PARIS, JAN. 28 -- U.S. officials said tonight that allied governments have pledged to strengthen enforcement of their laws banning exports of sensitive technology to the Soviet Union.

The general promise to improve enforcement was the major accomplishment of an urgent two-day meeting in nearby Versailles of the Coordinating Committee for Multilateral Export Controls, or COCOM, the officials said.

The gathering of COCOM, through which western allies and Japan police technology transfers to Warsaw Pact nations, was convened by the Reagan administration in response to growing irritation in Congress over the committee's effectiveness in halting questionable sales by European and Japanese firms.

To mark the administration's concern, the normally mid-level U.S. delegation to COCOM gatherings was headed by Deputy Secretary of State John C. Whitehead. Officials said this meeting was the first attended by an envoy of his rank and that several other of the 16 COCOM members dispatched delegates of similar standing within their governments.

COCOM was founded more than 30 years ago at U.S. initiative to keep technology with military applications from reaching the Soviet Union and its allies. The organization, which regularly gathers in Paris, comprises Japan and the Atlantic Alliance allies except Iceland.

In briefing reporters after the meeting, Whitehead and three other U.S. officials went out of their way to depict the gathering as a successful tightening of COCOM controls. The officials repeatedly expressed increased confidence that COCOM restrictions will be more effective and said "unilateral" steps such as those proposed in Congress would not work.

Several bills before Congress would punish foreign companies found to make sales in violation of COCOM rules by barring them from sales in the U.S. market.

"We don't believe that's the way to go," said one official. "The United States can't effectively control transfer of sensitive goods and technology by itself."

The legislative proposals were prompted particularly by Soviet acquisition through the Norwegian firm Kongsberg Vaapenfabrikk and the Japanese company Toshiba of computer and milling equipment that made possible manufacture of ultrasilent submarine propellers.

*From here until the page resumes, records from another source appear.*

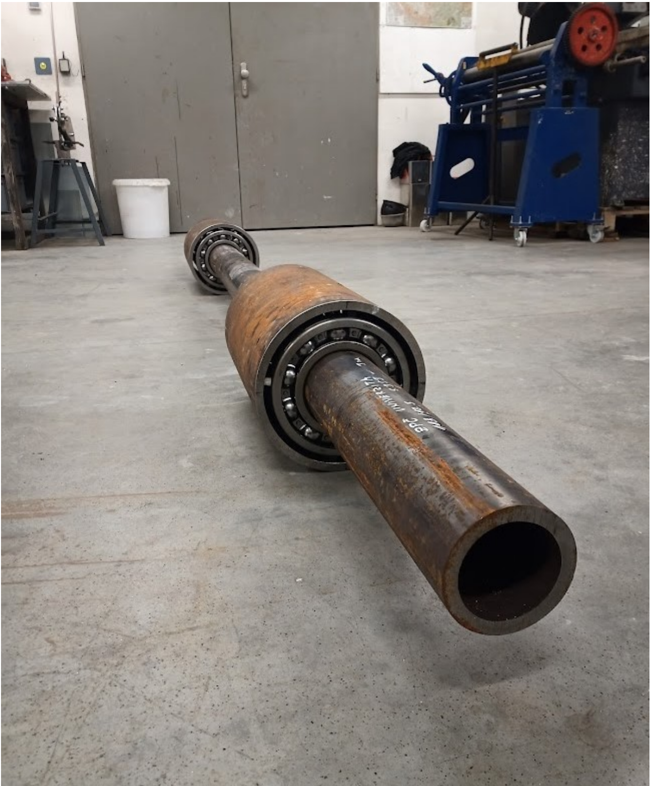
Příloha č. 18 – Kompletace kyvného systému
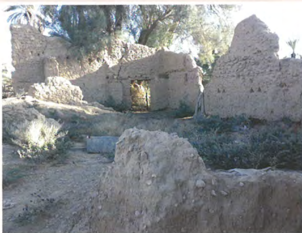
أنقاض قصر آل تركي بمزرعة الهاشمية بجلاجل
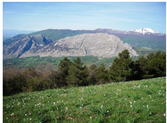
Il percorso di cresta con il Dolcedorme innevato sullo sfondo, visto da Timpa della Rotondella
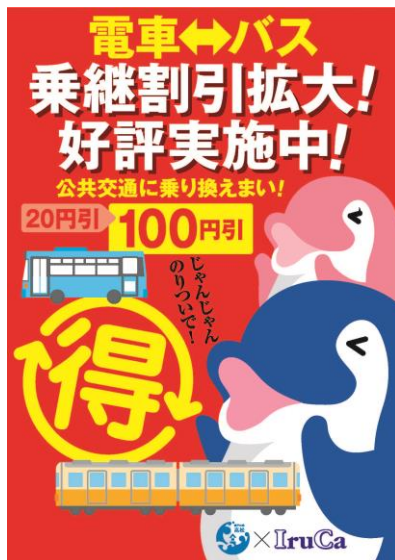
電車・バス乗継割引
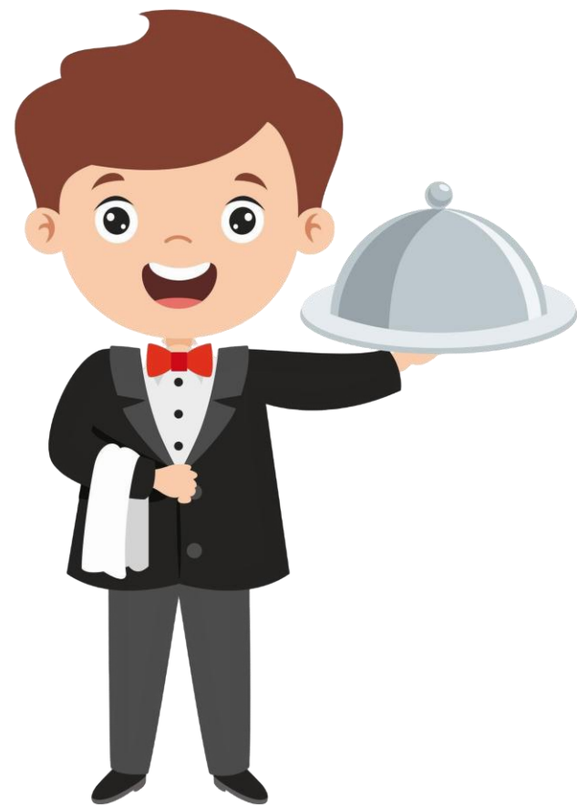
พนักงานเสิร์ฟ
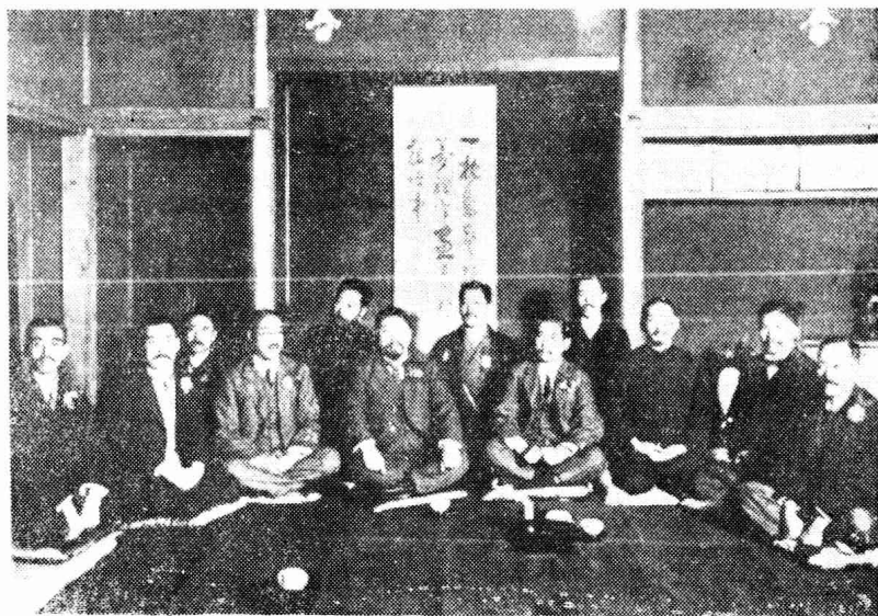
黄兴与孙中山同日本朋友在上海合影

An amendment to the Senate trade bill, sponsored by Sen. Jake Garn (R-Utah) and adopted 92 to 5 last June in reaction to these sales, would bar imports of finished goods from Toshiba or Kongsberg or their subsidiaries for two to five years.

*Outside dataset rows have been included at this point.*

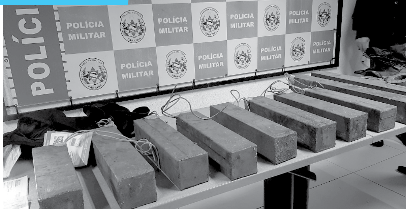
Explosivos apreendidos têm alto poder destrutivo; polícia está investigando para saber a procedência do material e onde ele seria utilizado
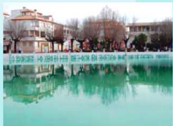
La Charca de Pegalajar ( www.lacharcadepegalajar.com )

Ya tenemos sede en las escuelas del Barrio de Jesús. La estamos adecuando para realizar reuniones y actividades. Estará abierta todos los Viernes, a partir de las 20,30 h.
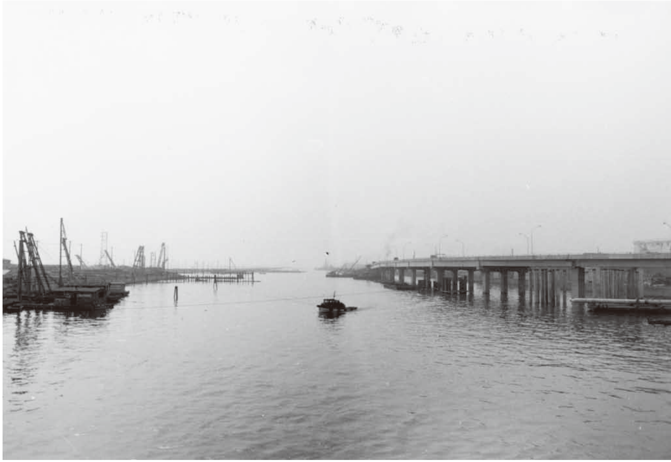
埋め立て工事が進む大井ふ頭(左) (昭和38年(1963)撮影)
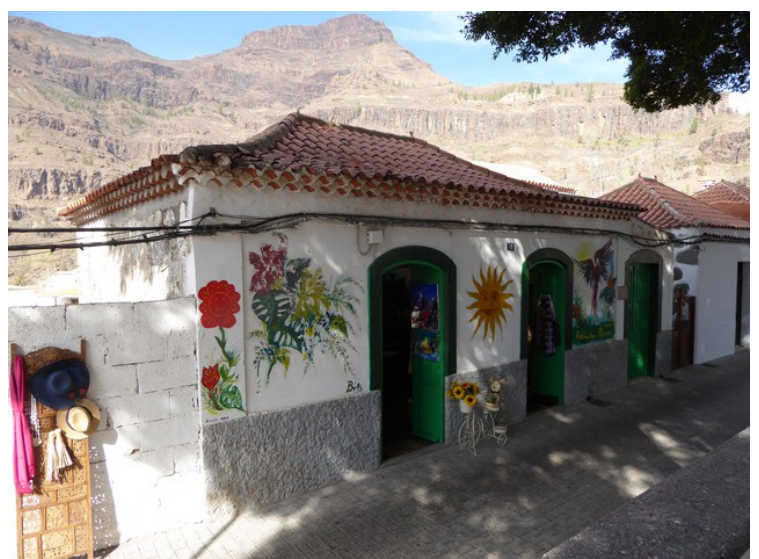
Butikk for kunsthåndverk.

Several European nations have warned the Reagan administration that, in the long run, such punitive measures as the Garn amendment could undercut cooperation in COCOM, which depends on each country to carry out its commitment to police technology transfers. It was against the background of these warnings that this week's COCOM meeting was called and that the U.S. officials described the pledge for more stringent controls.